La actuación del Gobierno estadounidense con relación al Estatus de Protección Temporal (TPS, por sus siglas en inglés) hay que ubicarla en su justo contexto para evitar interpretaciones equivocadas, maliciosas, ideologizadas o electoreras acá en El Salvador. La inmigración fue, si no el primero, uno de los temas más importantes en la carrera electoral de Donald Trump. Muros, deportaciones masivas y dureza contra los migrantes fueron las constantes de su campaña. Prometió “eliminar” a los 11 millones de migrantes indocumentados, a quienes se refirió de forma discriminativa y haciendo alarde de ignorancia, como es típico en él. En el discurso de lanzamiento de su candidatura, en junio de 2015, la cuestión central fue, de nuevo, la inmigración, tema que, según diversos analistas, le granjeó la mayoría de votos en las elecciones.
La posible supresión del TPS hay que leerla como parte de esa mentalidad, que ve a los migrantes como enemigos de los “verdaderos” estadounidenses, es decir, los blancos anglosajones. Distinto es que para hacer operativa esa visión se utilicen como justificación las actuaciones y declaraciones de funcionarios de ciertas naciones. El TPS fue implementado por el Gobierno de George Bush padre en 1990 para extranjeros que no pudieran regresar a su país de origen debido a desastres naturales, conflictos armados o condiciones extraordinarias.

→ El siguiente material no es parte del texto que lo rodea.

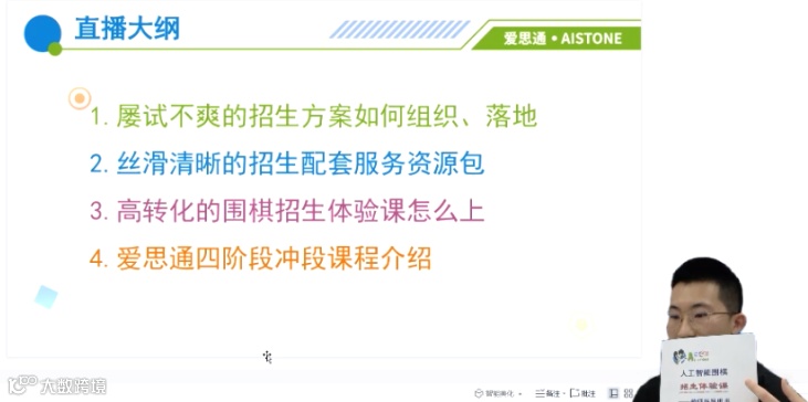 在直播中,胡子老师说出超级霸气的一句话:“只要家长带孩子来上体验课,我就能让他签约。” 这句话令当天在线观看的众多老师们印象深刻,会后纷纷向胡子老师咨询请教招生技巧。

Los hondureños y nicaragüenses en Estados Unidos recibieron el TPS después del huracán Mitch, en 1998; los salvadoreños y haitianos luego de los terremotos de 2001 y 2010, respectivamente. Desde entonces, el Estatus para estas cuatro comunidades de migrantes, que suman ya 300 mil personas, se fue renovando casi automáticamente cada 18 meses. Los salvadoreños representan a la mayoría, con casi dos terceras partes del total.
En realidad, a la administración estadounidense no parece importarle si las causas por las que se concedió el TPS siguen presentes en los países de origen. La guerra social que viven Honduras y El Salvador no pesa nada para Trump. Tampoco que los cuatro países no ofrezcan oportunidades de empleo y superación para sus ciudadanos. El secretario de Seguridad Nacional, John Kelly, dijo que la grave crisis de violencia organizada, la pobreza y el narcotráfico no son factores a tomar en cuenta para valorar el TPS. Es más, el secretario de Estado, Rex Tillerson, reconoció que recomendaron la suspensión del TPS porque, a su juicio, esos factores ya no se justifican en los cuatro países.
Algunos supuestos analistas afirman que Estados Unidos tiene el derecho de deportar a quién quiera y que ante eso no se puede argumentar nada. Si para ellos las consecuencias en los países de origen de una deportación masiva no tienen peso, sí debería tenerlo lo que los acogidos al TPS representan en Estados Unidos. La mayoría de estos migrantes han creado familia allá, son parte de la fuerza laboral estadounidense, adquirieron propiedades, son dueños de negocios, pagan impuestos y contribuyen a la seguridad social. El Centro de Recursos Legales para Inmigrantes estima que los salvadoreños y hondureños con TPS contribuyen cada año con cerca de 4,100 millones dólares al PIB estadounidense.
Al Gobierno de Trump le tiene sin cuidado el alineamiento ideológico de los países de origen de los beneficiarios del TPS. Si se argumenta que la anunciada suspensión del TPS para los nicaragüenses obedece a esta causa, ¿cómo explicar la suspensión en mayo pasado del Estatus para la comunidad de haitianos, compuesta por 50 mil de ellos? El 31 de agosto de 2016, en su discurso sobre la migración, Trump dejó clara cuál es su verdadera preocupación: “Solo hay un problema central en el debate migratorio, y ese problema es el bienestar de los estadounidenses”. Ese es el criterio que priva en la decisión de deportar o no. Lo demás es accesorio.